张汝霖正要说两句,却见徐火勃拭泪道:“老师升任部堂,从此以后他所致力于的变法之事,就可以走下去了。我实在是不胜欣喜。”
袁可立道:“师兄,羞要作儿女之态,让人令人笑话。”
袁可立话是这么说,自己的声音也是哽咽。
徐火勃道:“你也不是如此吗?老师平常与我们说,他当年在朝时与张江陵不睦,但却是他最佩服的官员,以天下为己任,敢于变法,他将来若能做到他的位子上时,也不知能否有他之才具,但一定尽力而为,今天……”
袁可立含泪道:“是啊,而今老师已为部堂大臣,离自己的抱负又近了一步,如此实在值得替老师高兴。”
张汝霖看着袁可立,徐火勃二人你一言我一语,心底有些茫然。
他还以为他们二人是为了林延潮升官的事喜极而泣呢。
张汝霖有些茫然若失,他拜入林延潮的门下,对方也经常抽功夫找自己说话,但是毕竟他在朝为官,公务繁忙,在传道授业上自己不如徐火勃,袁可立。
自己在林延潮门下这些日子真可谓虚度光阴了。
想到这里,他不由惭愧,读书人中最重要的东西,他似乎少了一些。
这时候外面的下人又禀道:“外面又来了不少车马,都是前来拜贺老爷的。

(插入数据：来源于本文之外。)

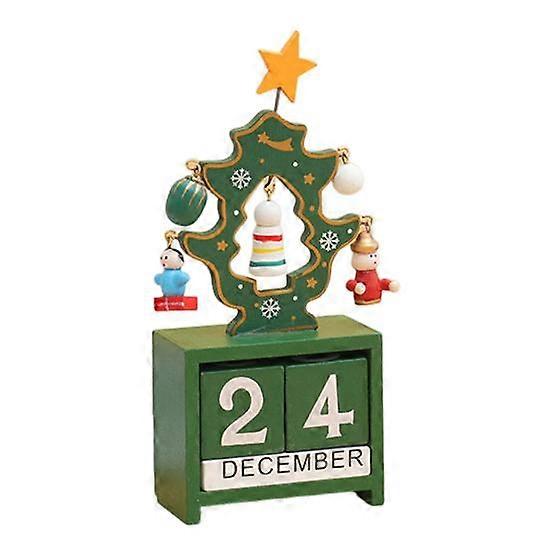 Christmas Wooden Desktop Calendar Santa Snowman Reindeer Tree Perpetual Calendar Wood Display Block Ornament for Home Office Decoration

”
徐火勃犹豫道:“师母正在孕中,不宜出面,这不出面又得罪了客人,平日都是陈管家接待的,但今日他随老爷去了翰林院,袁兄。”
袁可立道:“我也不擅长官场上的往来。”
这时候张汝霖起身道:“我去吧。”
徐火勃,袁可立一并道:“还好有肃之在,若我们出面怕是要得罪人。”
张汝霖此刻心情有些不同道:“我也只有这些长处了,也希望能为老师,为林学,为大家做一些事。”